A total of 8,551 prosecutions were reported by EU Member States over the years 2010-2012 for human trafficking. Of those cases, in 3,786 the prosecuted was convicted for human trafficking. More than 70 percent of suspected traffickers were male in the EU Member States. Traffickers are often adult males who operate in the country where they are from, but more women and foreigners are involved in human trafficking than in most other crimes. Although most of those prosecuted and/or convicted for trafficking in persons are men, trafficking has a quite high rate of females involved in it. Very few other crimes record a level of female participation in committing the crime such as that of human trafficking.
Venla Roth, Senior Adviser in Office of the Ombudsman for Minorities and the National Rapporteur on Trafficking in Human Beings, has stated that the conviction rates are so low because in many cases in which the trafficker controlled the victim, the trafficker can say they were not aware of the fact that the victim was dependent on them. Taking advantage of a person's dependence is one of the details defining trafficking in the Finnish Penal Code.

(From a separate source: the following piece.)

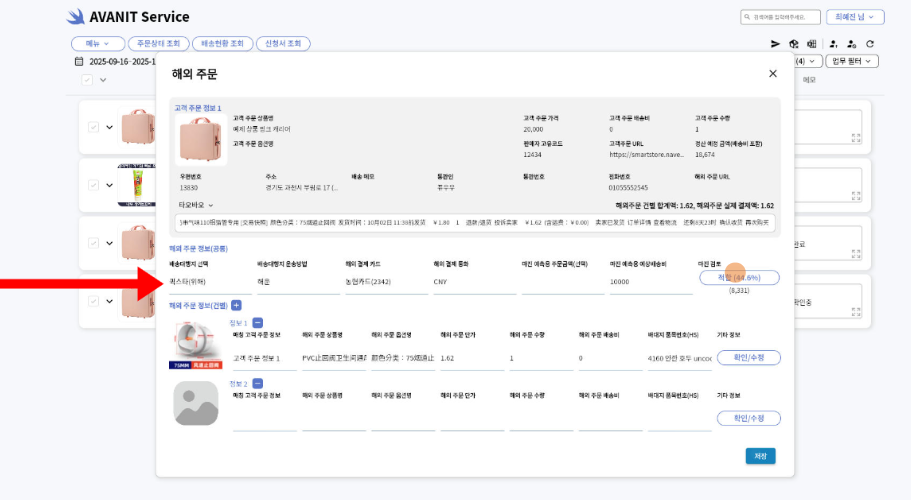 배송대행지, 운송방법, 카드, 예상배송비, 고객주문정보, 품목번호 기입 후 마진 검토를 눌러주세요.

Since 2006, sentences have ranged from 1.5 to 5.5 years imprisonment: there were no reports of suspended sentences. The government did not prosecute any persons for suspected child sex tourism offenses in 2009.

There were 23 trafficking investigations in Finland in 2012, while the number of people prosecuted for trafficking in 2012 was eight. Eight trafficking offenders were prosecuted in 2012.

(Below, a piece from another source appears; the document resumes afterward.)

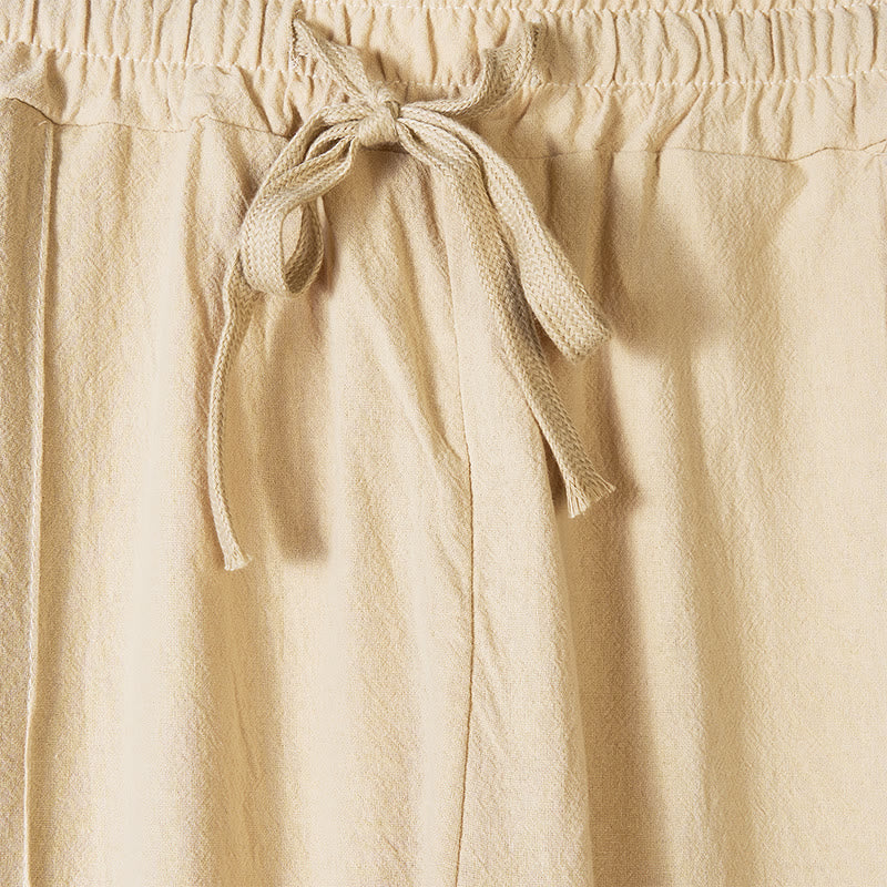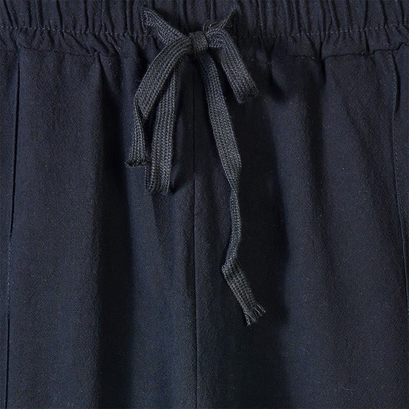 Buddha Stones Solid Color Side Buttons Men's Cotton Pants With Pockets

In 2013, there were 12 sex trafficking investigations and 15 labor trafficking investigations in Finland, and 19 persons were prosecuted for trafficking. Two labor trafficking offenders were convicted in 2013 with sentences of 30 months’ imprisonment, which was a smaller number of convictions than the year before. In four additional cases, five other people were persecuted for trafficking but not found guilty. However, they were convicted on lesser charges. Additionally, the prior convictions of three human trafficking offenders were upheld by two appellate courts. No offenders were convicted for sex trafficking in 2013. The government also encourages victims of human trafficking to assist in the investigation and prosecution of trafficking offenders. In 2013, 12 victims assisted law enforcement in pre-trial investigations, 10 of whom participated in the prosecutions of alleged traffickers.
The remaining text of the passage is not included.